Isn’t the death spiral in a Depression essentially that A) business is bad, so they lay off workers B) laid of workers have less money to spend, so business gets worse and then we go back to A) and so on and so on.
This being the opposite of Henry Ford paying his workers MORE than the prevailing wage for industrial workers... so that they would be able to buy cars...
Yet we have Americans laid off in manufacturing and IT because of globalism and outsourcing to China and India, and people act surprised that the economy can’t recover and think that socialism is the cure?
Lets take the last major area of employment and turn that over to robots. What can possibly go wrong?
Yes, it is a somewhat scary proposition, but if I can be free from the incessant repetitive annoying retail mantra, “Hi How are you”...I will consider it a net positive.
Article hits the nail on the head.
They cost $50,000 apiece. When you add the cost of maintenance, software upgrades, repairs, etc. I think it will be quite some time before the minimum-wage workforce has much to worry about.
I think so.
After all, someone has to work as slaves for the robots.

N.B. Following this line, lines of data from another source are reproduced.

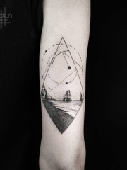 女生手臂上黑色线条几何元素三角形彩绘海边风景纹身图片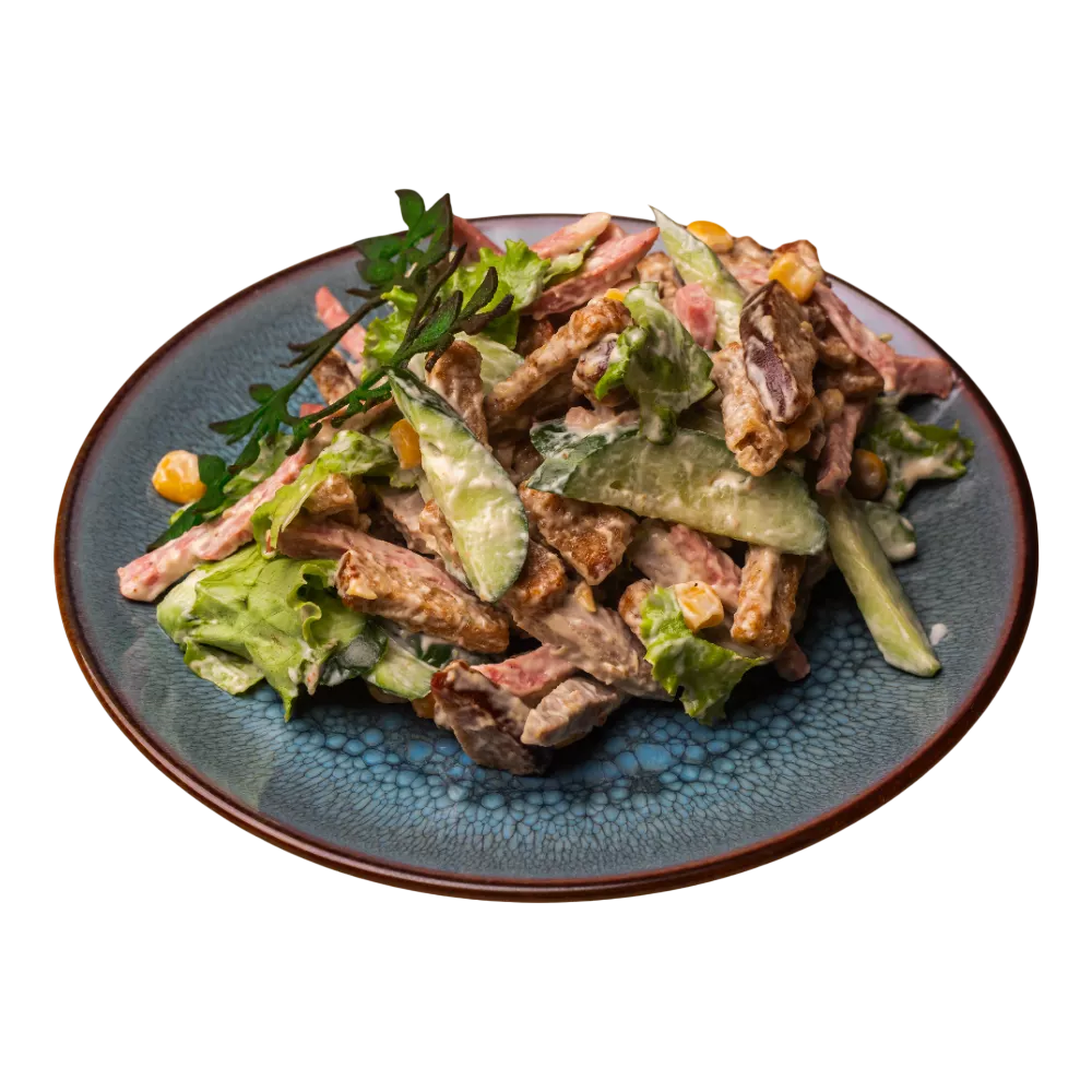 Состав: огурцы свежие, сухари, колбаса полукопченая, говядина запеченая, кукуруза, майонез.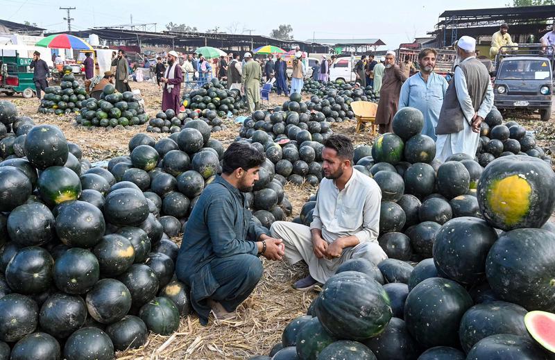 4月20日,在巴基斯坦白沙瓦,人们在水果市场交易新鲜西瓜。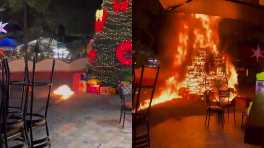 (VIDEO) Queman árbol navideño en Jonacatepec tras muerte de menor arrollado por patrulla municipal.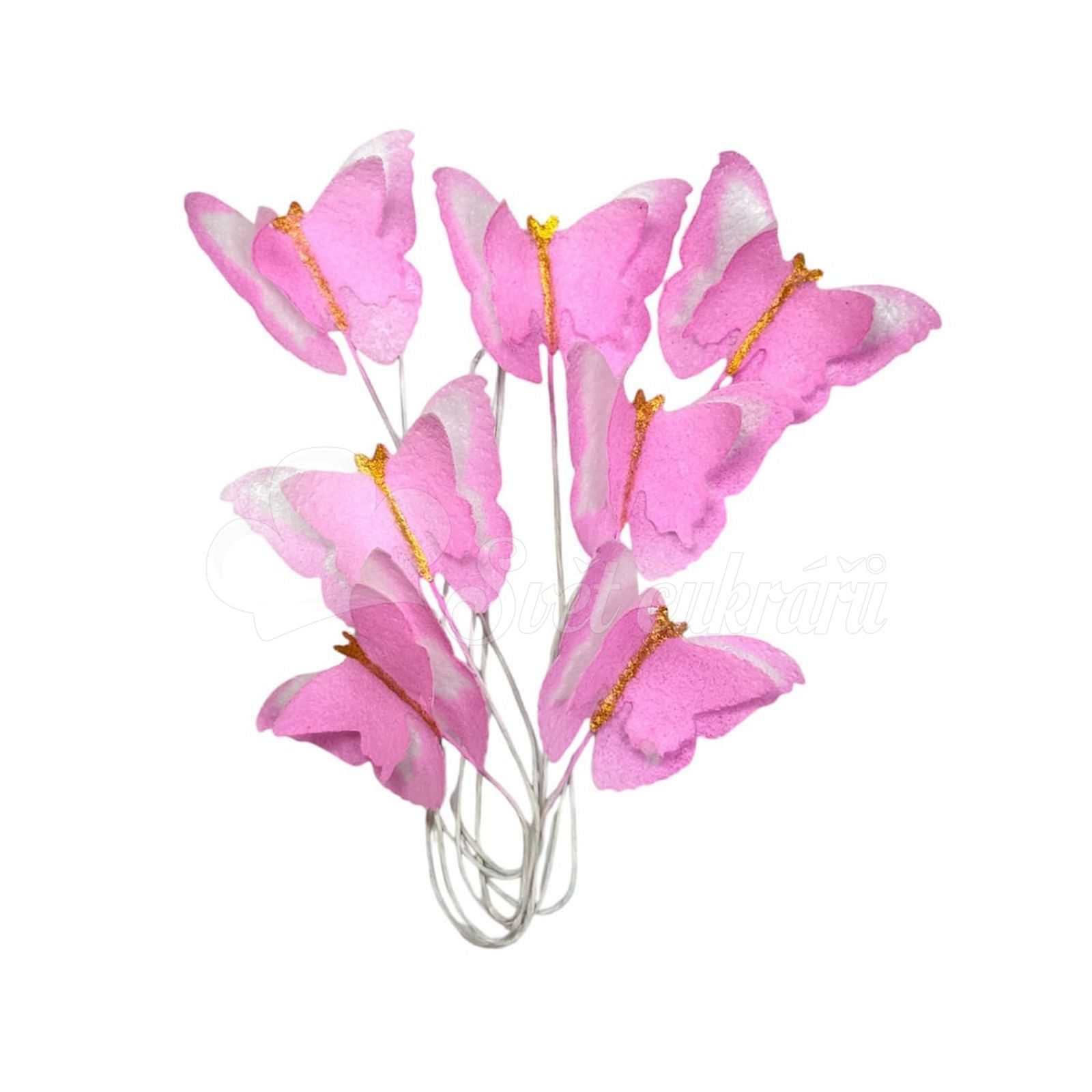 Delicate edible pink wafer butterflies perfect for decorating cakes, cupcakes, and desserts. Add a romantic and elegant touch to your sweet creations today!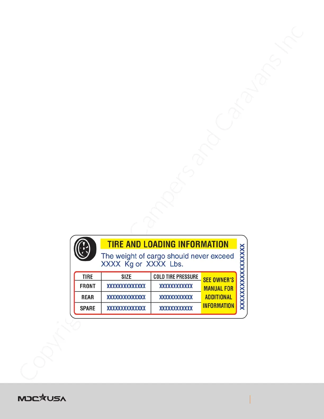 The trailer’s placard refers to the Tire Information Placard attached adjacent to or near the trailer’s VIN (Certication)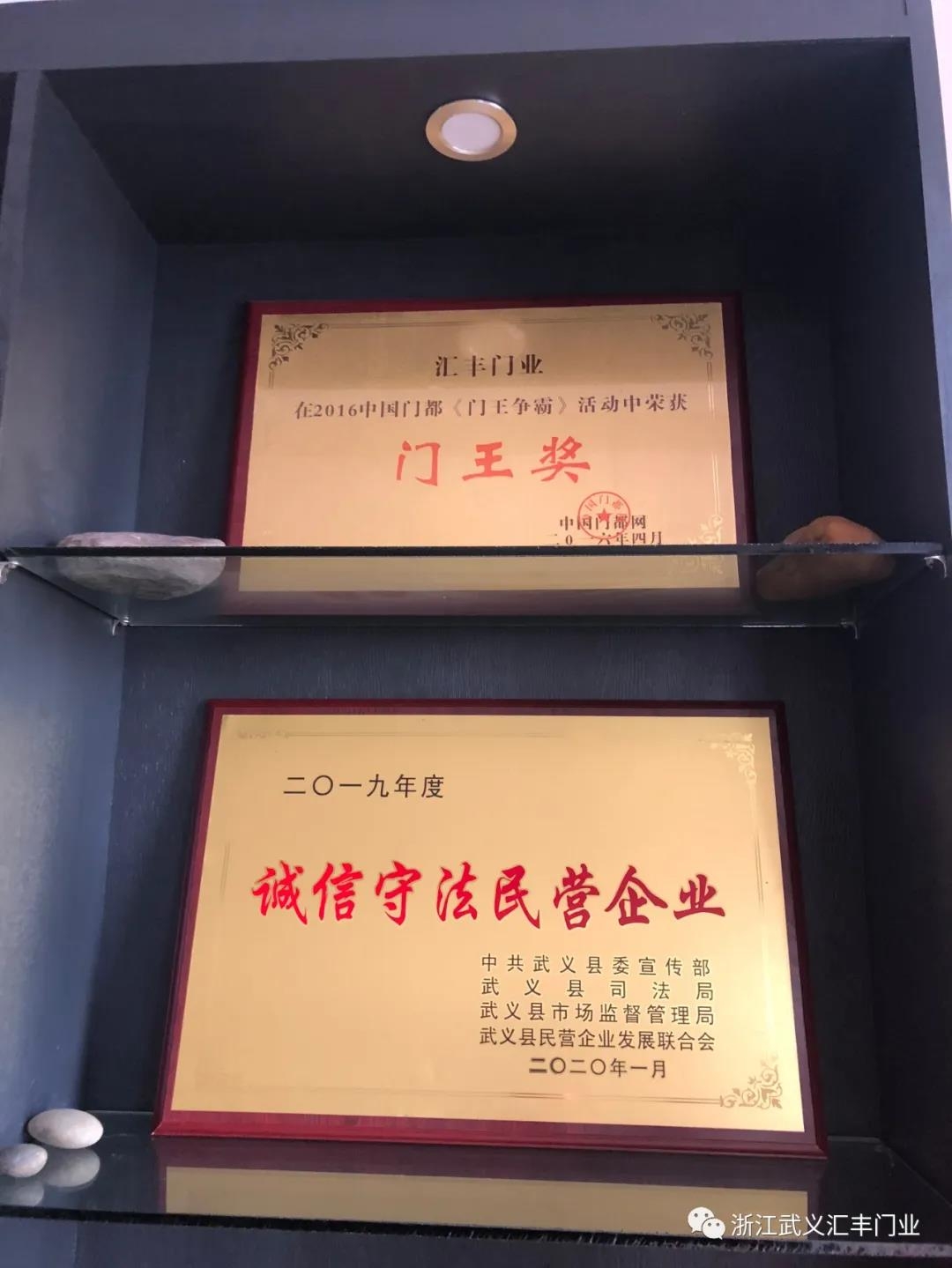 • 浙江武義匯豐門業(yè)憑借多年來的誠信經(jīng)營和良好口碑,被授予武義縣2019年度誠信守法民營企業(yè)榮譽稱號。

This is not going to end well. We have gone from a manufacture based economy to a service based one. Now service jobs are becoming automated. What do you do with a population that has an even smaller prospect for work?

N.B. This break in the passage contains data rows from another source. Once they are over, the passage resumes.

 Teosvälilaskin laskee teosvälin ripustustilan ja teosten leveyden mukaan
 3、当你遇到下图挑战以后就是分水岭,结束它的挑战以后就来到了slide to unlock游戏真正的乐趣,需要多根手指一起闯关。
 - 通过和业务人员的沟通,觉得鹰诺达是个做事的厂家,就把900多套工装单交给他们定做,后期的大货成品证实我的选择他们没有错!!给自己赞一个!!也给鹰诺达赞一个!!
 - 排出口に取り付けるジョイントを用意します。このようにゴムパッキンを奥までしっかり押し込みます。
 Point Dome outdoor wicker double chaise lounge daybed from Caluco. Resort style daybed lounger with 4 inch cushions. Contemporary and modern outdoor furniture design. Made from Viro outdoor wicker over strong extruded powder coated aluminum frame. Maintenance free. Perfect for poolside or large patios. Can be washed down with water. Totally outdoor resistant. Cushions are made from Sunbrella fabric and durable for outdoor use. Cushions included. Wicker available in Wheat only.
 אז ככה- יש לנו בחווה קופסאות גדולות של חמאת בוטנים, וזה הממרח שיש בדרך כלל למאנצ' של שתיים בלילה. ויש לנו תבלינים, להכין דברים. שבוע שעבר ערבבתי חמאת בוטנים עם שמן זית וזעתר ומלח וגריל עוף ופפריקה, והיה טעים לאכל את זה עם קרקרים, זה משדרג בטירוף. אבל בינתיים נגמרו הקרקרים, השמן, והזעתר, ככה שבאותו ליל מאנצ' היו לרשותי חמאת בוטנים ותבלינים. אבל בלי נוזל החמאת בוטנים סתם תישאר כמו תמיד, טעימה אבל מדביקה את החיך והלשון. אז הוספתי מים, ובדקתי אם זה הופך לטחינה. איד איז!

In a rational free modern division of labor society, mass unemployment is always caused by lousy government policies.General prosperity is caused by economic progress which is the result of the combination of technological progress and capital accumulation. The adoption of labor saving devices and machinery may cause temporary unemployment for some,but in general and in the long run, it leads to not mass unemployment but higher standard of living for the average worker.Because it becomes possible for the same number of workers to produce a vastly increased quantity of goods and obtain the benefit of these goods in their capacity as consumers.
Improvements in machinery of the labor saving variety are an essential prerequisite of labor becoming available for increasing the production of goods previously considered luxuries and for working with improvements in machinery of the kind that make possible altogether new products.
The effect of labor saving machinery is always to increase the supply of goods relative to the supply of labor and thus to reduce prices relative to wage rates. This increases the buying power of wages and in this way the standard of living of the average wage earner.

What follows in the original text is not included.